Oddly, this is surprisingly dramatic for pistol shooters. If you’re lucky enough—and in many cases it’s just that; luck—to have a steady source of ammunition that suits a few favored handguns well, chronography may never be a need. But if the last few years have taught us anything, it’s that a notion of ammunition as a “commodity item” may be seriously flawed. If two boxes of like-labeled ammunition are from different manufacturing lots, they may still exhibit quite noticeable performance differences: Felt recoil and point of impact may change even at handgun ranges due to the components available when each batch was manufactured. While there’s no fix for the non-handloader here, at least “lotting” can be done when such ammo is chrono’d—better performing ammo set aside for serious applications, worse for general practice or plinking.
Rifle shooters are more likely to understand and care about the velocity differences only a chrono can decisively, quantitatively reveal.
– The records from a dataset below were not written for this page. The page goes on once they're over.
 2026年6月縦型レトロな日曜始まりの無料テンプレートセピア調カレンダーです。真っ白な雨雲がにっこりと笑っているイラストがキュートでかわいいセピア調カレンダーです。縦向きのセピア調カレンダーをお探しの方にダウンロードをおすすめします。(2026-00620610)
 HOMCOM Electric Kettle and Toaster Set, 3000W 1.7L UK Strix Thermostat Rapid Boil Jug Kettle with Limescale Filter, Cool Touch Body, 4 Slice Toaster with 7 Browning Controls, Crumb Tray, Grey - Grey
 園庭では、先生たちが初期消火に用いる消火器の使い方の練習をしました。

Partial inches can grow rapidly to feet of essentially uncontrollable aiming error if velocity varies enough. Another variable is more generally discernable in rifles, too: Just because a particular 180-grain .30-06 loading and bullet performs well in rifle “A” is no guarantee whatever that it will perform well in rifle “B.” Modern manufacturing techniques have reduced this effect somewhat, but on occasion the variations can still be alarming on a target and disastrous in the field.
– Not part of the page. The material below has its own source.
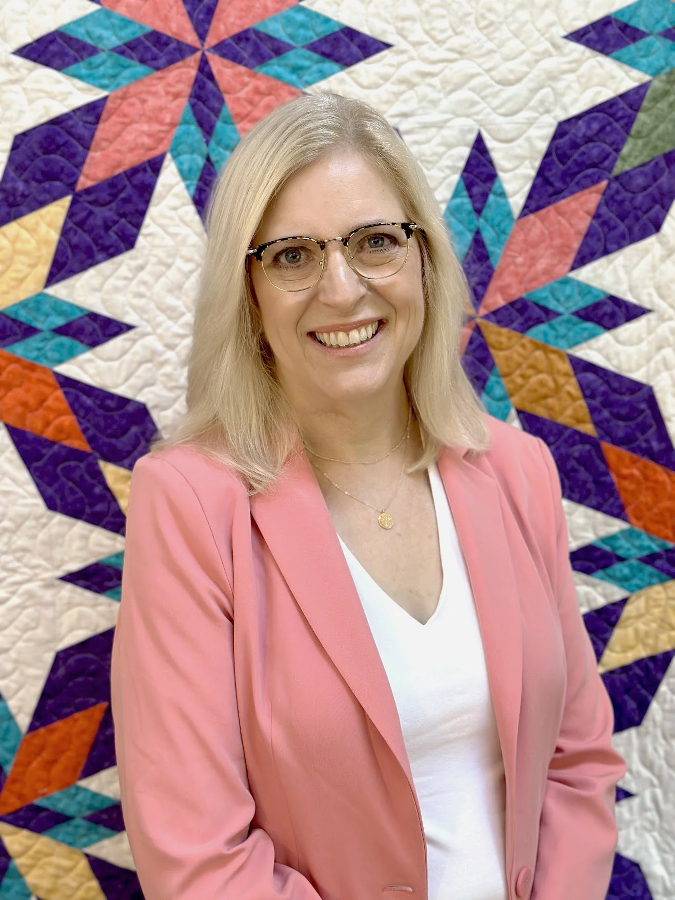 Hi! My name is Heather Asbach, aka the P3 Quilter. Like many of you, I began sewing at a young age, inspired by my grandmothers and aunts. For many years, I sewed clothing for myself and our four children. One day, a friend gave me a baby quilt for our newborn. I was so inspired by the beauty and color of the pattern, that I began to quilt. I continued to quilt off and on while rearing our children, and when my husband and I reached empty nest, I decided to make quilting my next “season” of life. In 2023, I had the privilege of becoming a Studio 180 Design Certified Instructor, and now enjoy, in addition to our growing family numbering seven grandsons, lecturing and teaching about the piecing techniques developed by Deb Tucker and her team to help all of us achieve our goals of well-made quilts that bring beauty into the world around us.

It may seem an obvious notion, but handloaders will get the most out of a chrono the, ahem, caliber of an Oehler 35P. In fact, there’s an argument to be made that a good chrono should be part of your cost “spec” if you’re considering reloading at all. For the pistol shooter, not just accuracy is at stake (though shorter distances reduce this benefit somewhat), but also what may be an unexpected universe of “feel”: Properly matched, bullets and powders can improve shooting comfort to an almost unimaginable—until experienced—degree, and yet allow superb accuracy to be maintained.… Even in rifles, big controllability gains are possible with proper component matching, but only a chrono keeps the essential accuracy and repeatability in the overall picture.
For the rifle handloader, accuracy remains the undisputed grail, though a chat with any top-level 3-gunner may yield a pistol-like response. Even in rifles, big controllability gains are possible with proper component matching, but only a chrono keeps the essential accuracy and repeatability in the overall picture to the required degree.
A last consideration may commend a 35P as well, though it comes from an odd bearing—getting the most from modern, rapid acquisition/adjustment reticles and optics. If you have an optic that claims to offer some form of “bullet drop compensation,” you’ve probably discovered just how unsatisfactory it proves for real precision. If you can find the exact ammo that your BDC is laid out for, and if your barrel length is the same, you may get in the neighborhood. But whether it’s the micro-structure of our barrel metal, the humidity, our laundry detergent, or the phase of the cotton-pickin’ moon we couldn’t say, but our luck has never been remotely good in this regard. Only accurate velocity knowledge will make these reticles/optics work. But in concert with a ballistic software program (like Oehler’s own Ballistic Explorer), you can use that precise velocity data to construct range cards on a optic-by-optic, rifle-by-rifle, and load-by-load basis, and know within fractions of an inch at astonishing distances what those stadia marks finally, really mean for your rifle and your shots. Sublime.
As to the Oehler 35P, we concede it’s at a price point where it wasn’t our first chronograph. Nearly 20 years down the road, however, it’s at a performance point where it’ll almost certainly be our last.